An implantable brain-computer
interface the size of an aspirin has been clinically
tested on humans by American company
Cyberkinetics. The
'BrainGate' device can provide paralysed or
motor-impaired patients a mode of
communication through the translation of
thought into direct computer control. The
technology driving this breakthrough in the
Brain-Machine-Interface field has a myriad of
potential applications, including the development
of human augmentation for military and
commercial purposes.


BRAINGATE—EMPOWERING THE HUMAN BRAIN:

The BrainGate System is used to sense, transmit,
analyze and apply the language of neurons. The
System consists of a sensor that is implanted on
the motor cortex of the brain and a device that
analyzes brain signals.
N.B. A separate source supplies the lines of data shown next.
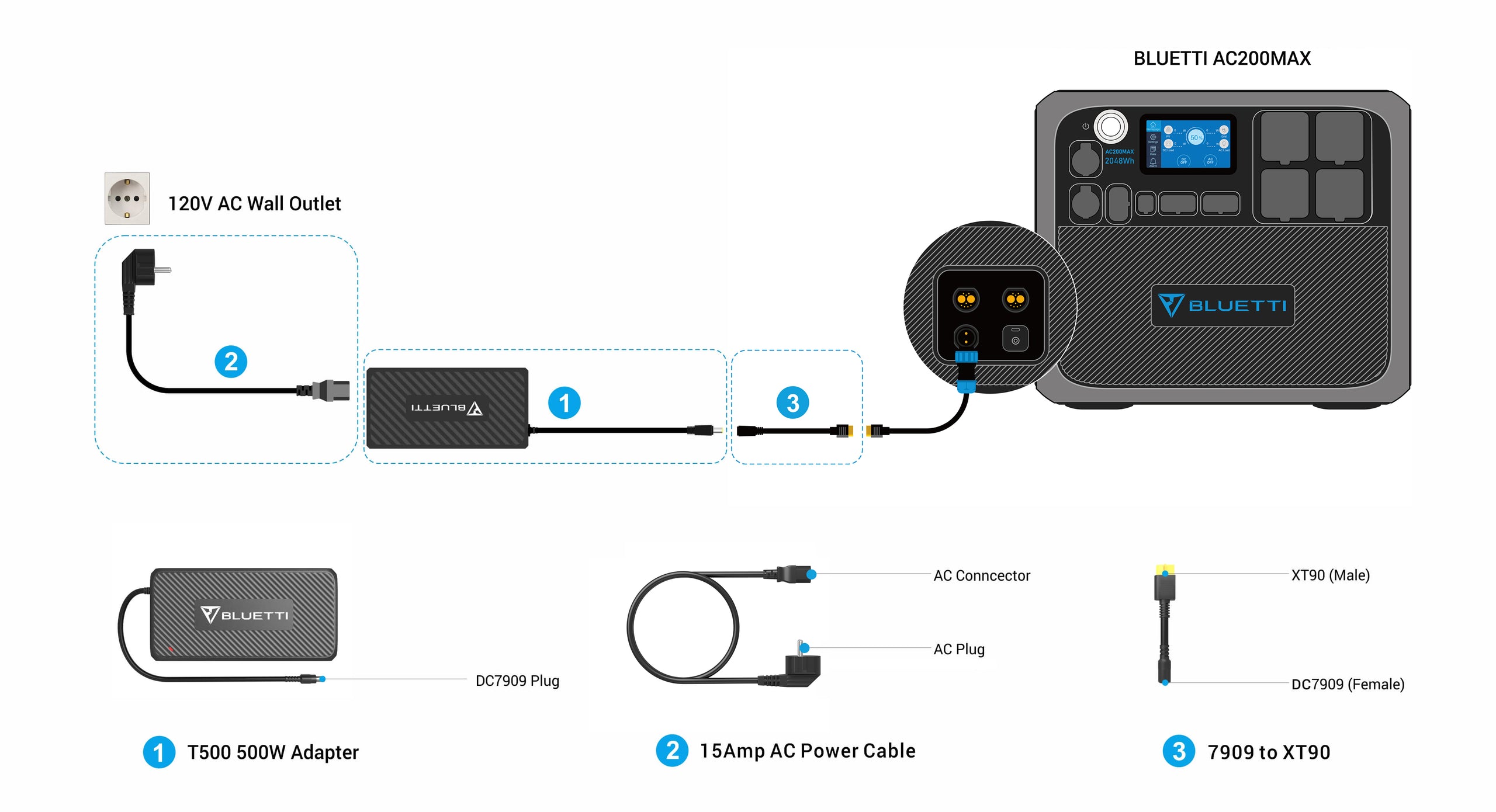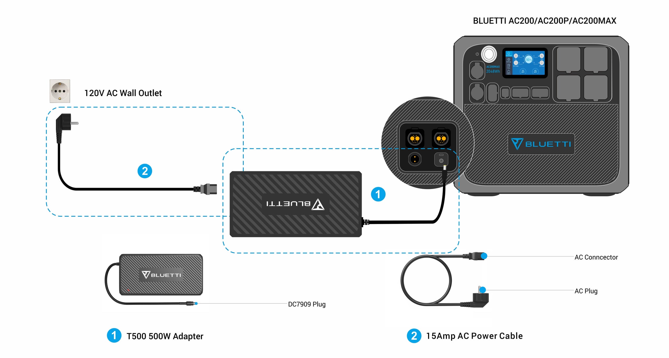 Utilizzato per caricare BLUETTI AC200P/AC200/AC200Max con doppi adattatori contemporaneamente a una velocità massima di 1000W.
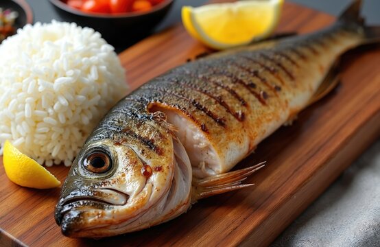 Grilled Salmon Filet With Rice And Lemon Wedge Images
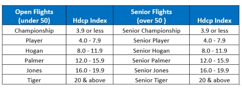 U.S. AM Tour offers six separate flights for both Open and Senior players. Senior flights are guaranteed at the Senior National Championship but may not be available at local or Major tournaments, depending on participation and interest.
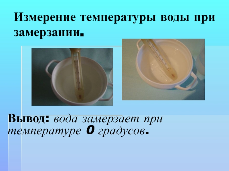 формочки. Поставь их в морозильную камеру. Наблюдай, когда на поверхности воды появятся льдинки. Измерь ещё раз температуру воды.
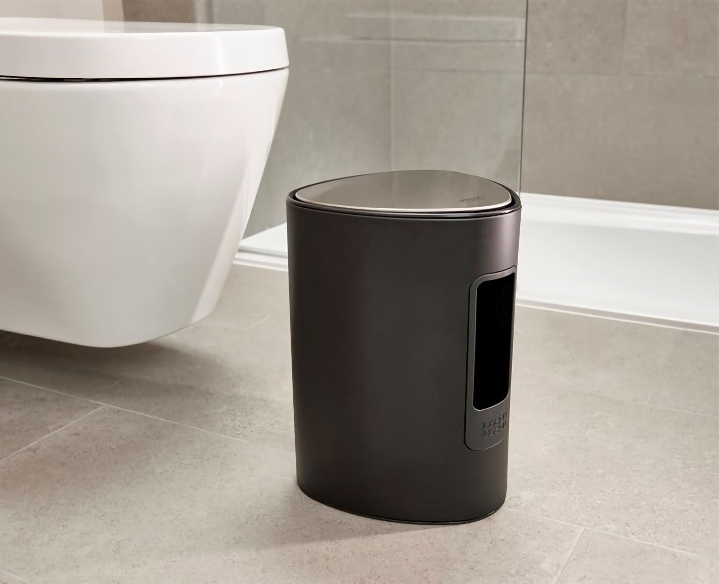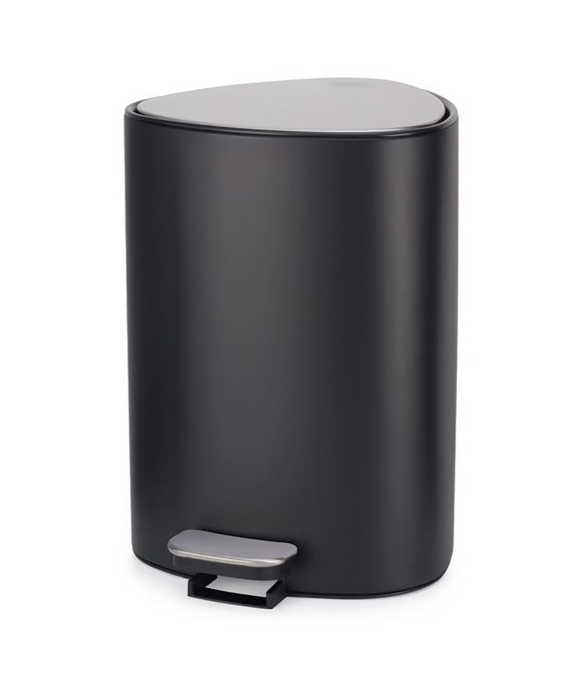 Відро для сміття у ванній кімнаті з місткістю 5 л EasyStore чорного кольору. Виготовлений з нержавіючої сталі та пластику. Система відкривання педалями та кришка, що повільно закривається.
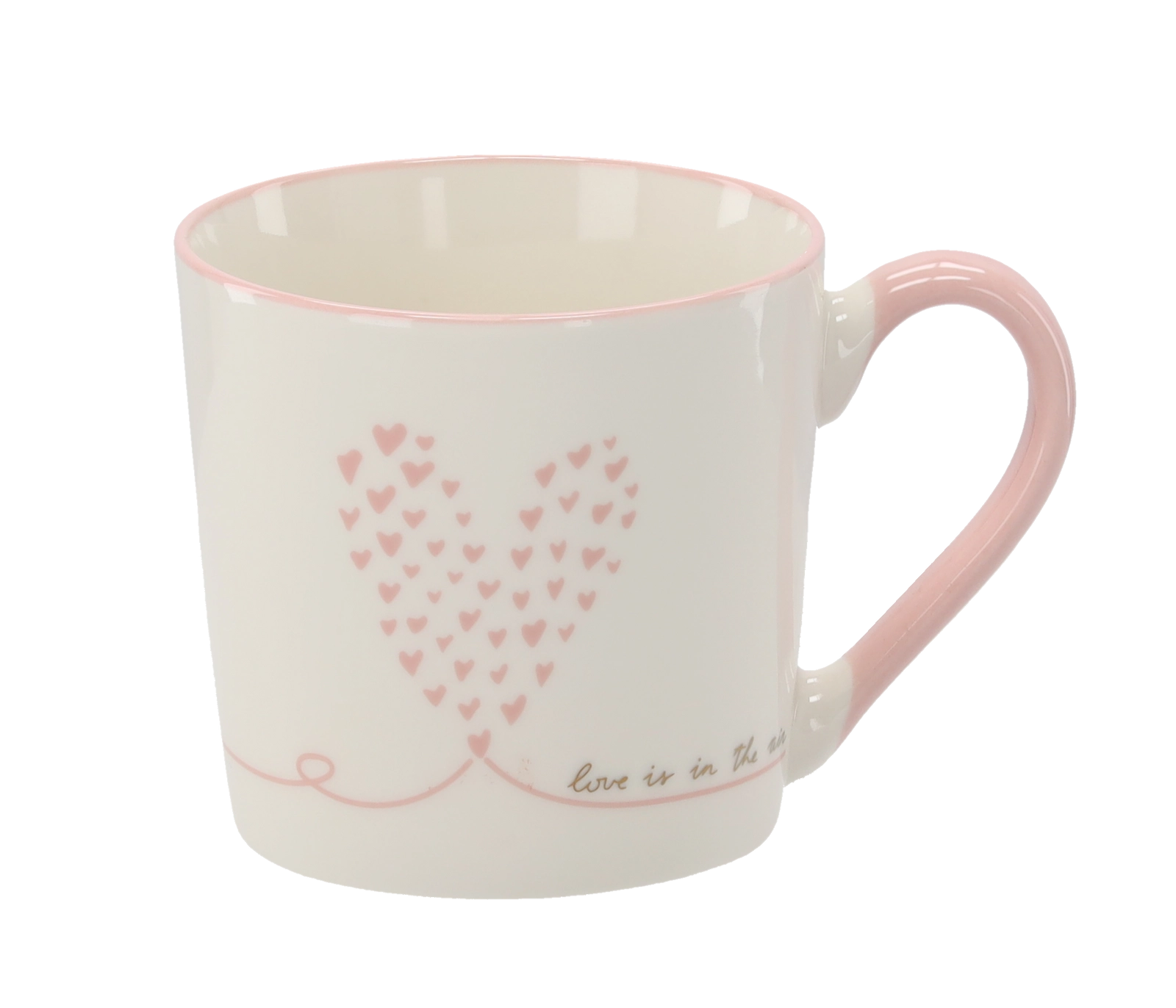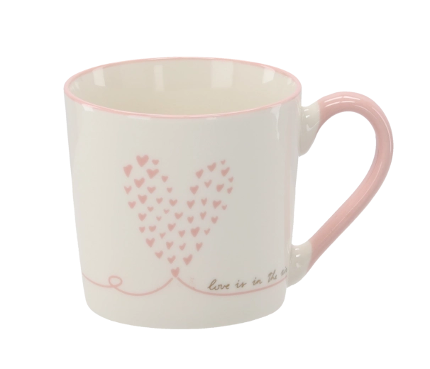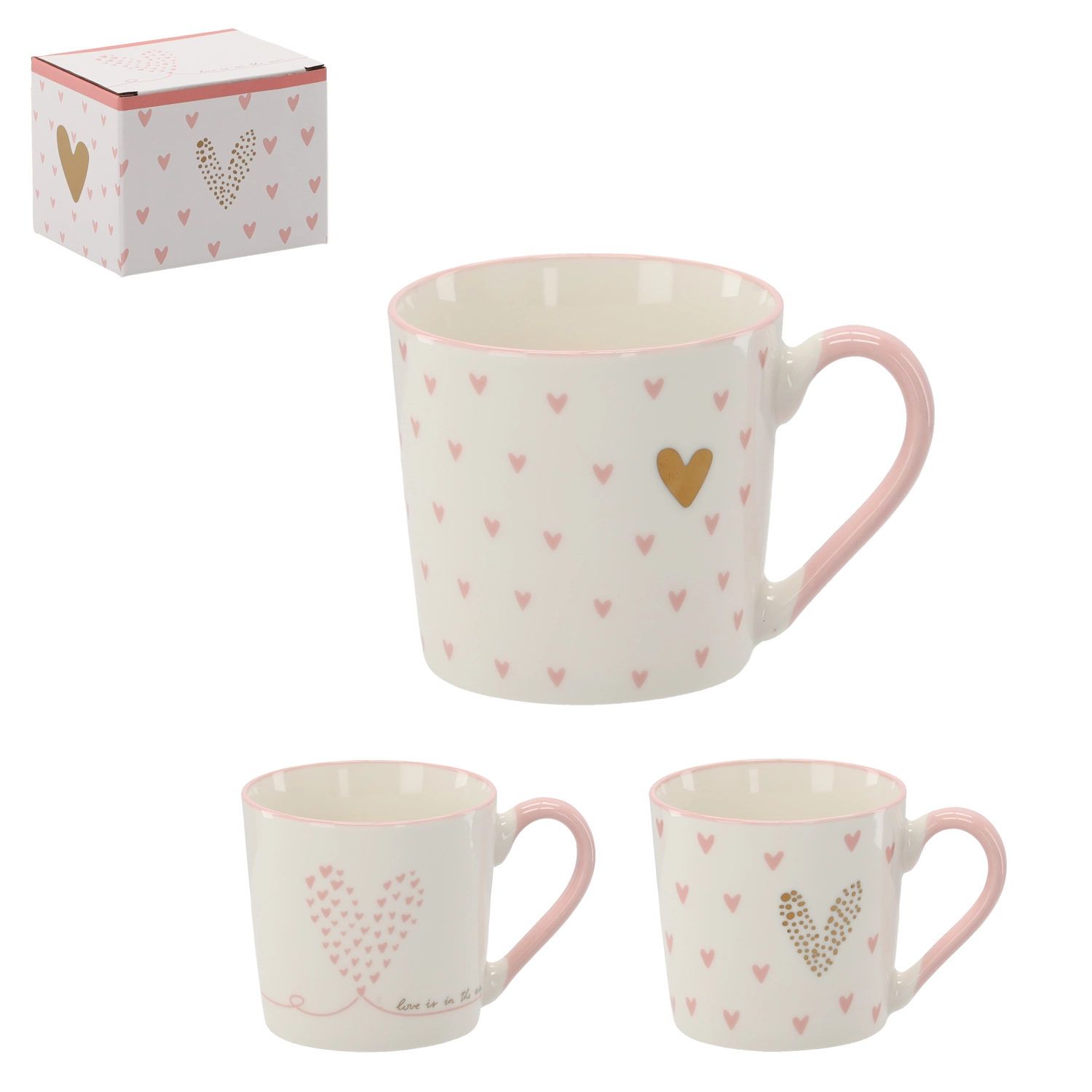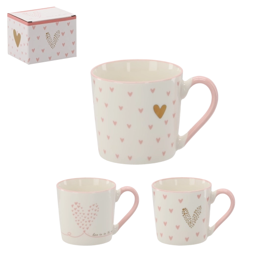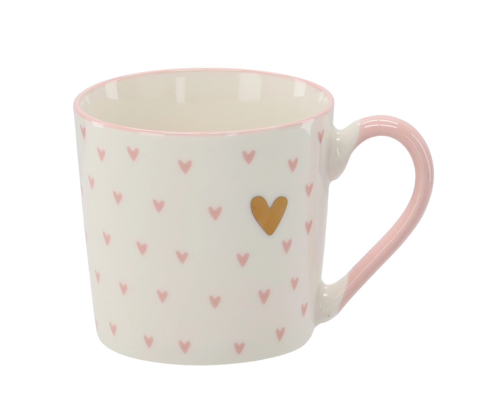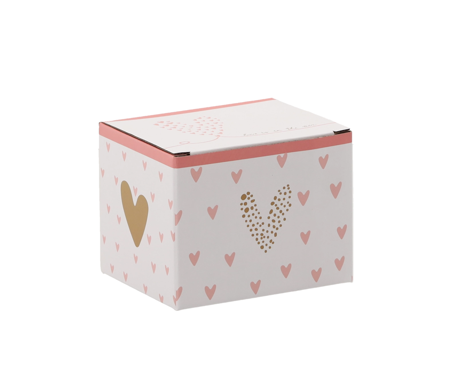 En stilfuld æske med rosa og gyldne hjerter gør kruset til en ideel gave til enhver lejlighed.
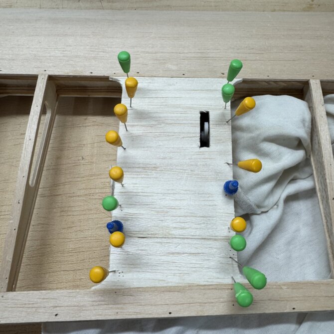 hallo carsten, als ergänzung der bilder gestern und zum besseren verständnis der „sperrholzbrett“-lösung. das gebogene brett sitzt in einer tiefen nut, ursprünglich für die GFK-„gräten“ gedacht (hier noch das muster aus balsa).
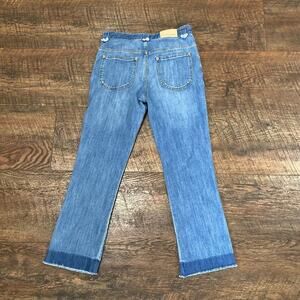 See by Chloe Jeans Italy Button Fly Medium Wash Blue Denim Raw Hem Crop Size 26
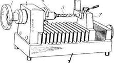 Прибор для размерной настройки инструмента мод. 2010 показан на рис.3. Прибор предназначен для предварительной установки в двух горизонтальных координатах как резцов в инструментальных блоках станков токарной группы, так и вращающегося инструмента в оправках и на борштангах станков сверлильной и расточной группы. Прибор состоит из ступенчатой станины 1, на плоскости нижней ступени которой имеются Т-образные пазы для установки переходников-адаптеров (имитирующих базирующие поверхности станков токарной группы для установки инструментальных блоков), или шпиндельной бабки 2 для установки борштанг. На верхней поверхности станины находятся нижняя 3 и верхняя 4 каретки, перемещающиеся соответственно в продольном и поперечном направлениях. На верхней каретке установлено визирное устройство 5, выполненное в виде проекционного микроскопа. На поворотном экране 6 проектора имеется штриховое перекрестие.
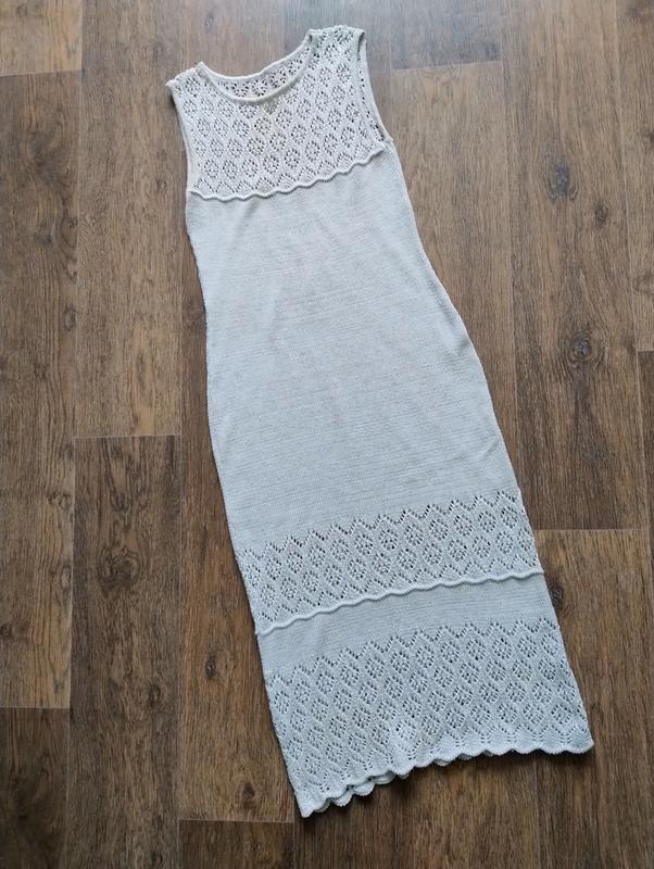 Стильное льняное вязаное ажурное платье midi на пляж хлопок+ лён
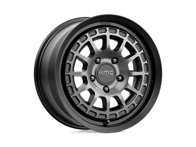 KMC Canyon Satin Black with Gray Tint 5-Lug Wheel; 17x8; 35mm Offset The KMC Canyon Satin Black with Gray Tint 5-Lug Wheel combines a sleek, sophisticated design with premium construction that enhances the visual appeal and complements a wide range of vehicle styles. This wheel is perfect for those seeking to make a bold statement while maintaining elegance and robustness.
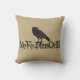 Un coussin de Halloween de regard de toile de jute avec un corbeau noir et le mot plus jamais là-dessus.

This sensor consists of a
tiny chip (smaller than a baby aspirin) with
hundred electrode sensors-each thinner than a
hair- that detect brain cell electrical activity. The
principle of operation behind the BrainGate
System is that with intact brain function, brain
signals are generated even though they are not
sent to the arms, hands and legs. The signals are
interpreted and translated into cursor
movements, offering the user an alternate
“BrainGate pathway” to control a computer with
thought, just as individuals who have the ability
to move their hands use a mouse.


THE CONNECTOR:

When somebody thinks “move cursor
up and left” his cortical neurons fire in a
distinctive pattern; the signal is transmitted
through the pedestal plug attached to the skull.



BCI versus Neuroprosthetics:

Neuroprosthetics is an area of
neuroscience concerned with neural prosthesesusing
artificial devices to replace the function of
impaired nervous systems or sensory organs. The
most widely used neuroprosthetic device is the
cochlear implant, which was implanted in
approximately 70,000 people world wide as of
2005 according to the statistics conducted. There
are also several neuroprosthetic devices that aim
to restore vision, including retinal implants, optic
nerve cuffs and implants directly into the visual
cortex.



Human BCI Interface:
Non-invasive BCIs:

As well as invasive experiments (see
below), there have also been experiments in
humans using non-invasive neuroimaging
technologies as interfaces.
Electroencephalography (EEG) is the most
studied potential human interface, mainly due to
its fine temporal resolution, ease of use,
portability and low set-up cost. However
practical use of EEG as a BCI requires a great
deal of user training and is highly susceptible to
noise. For example, in experiments beginning in
the mid-1990s, Niels Birbaumer of the
University of Tübingen in Germany used EEG
recordings of slow cortical potential to give
paralysed patients limited control over a
computer cursor. (Birbaumer had earlier trained
epileptics to prevent impending fits by
controlling this low voltage wave.) The
experiment saw ten patients trained to move a
computer cursor by controlling their brainwaves.
The process was slow, requiring more than an
hour for patients to write 100 characters with the
cursor, while training often took many months.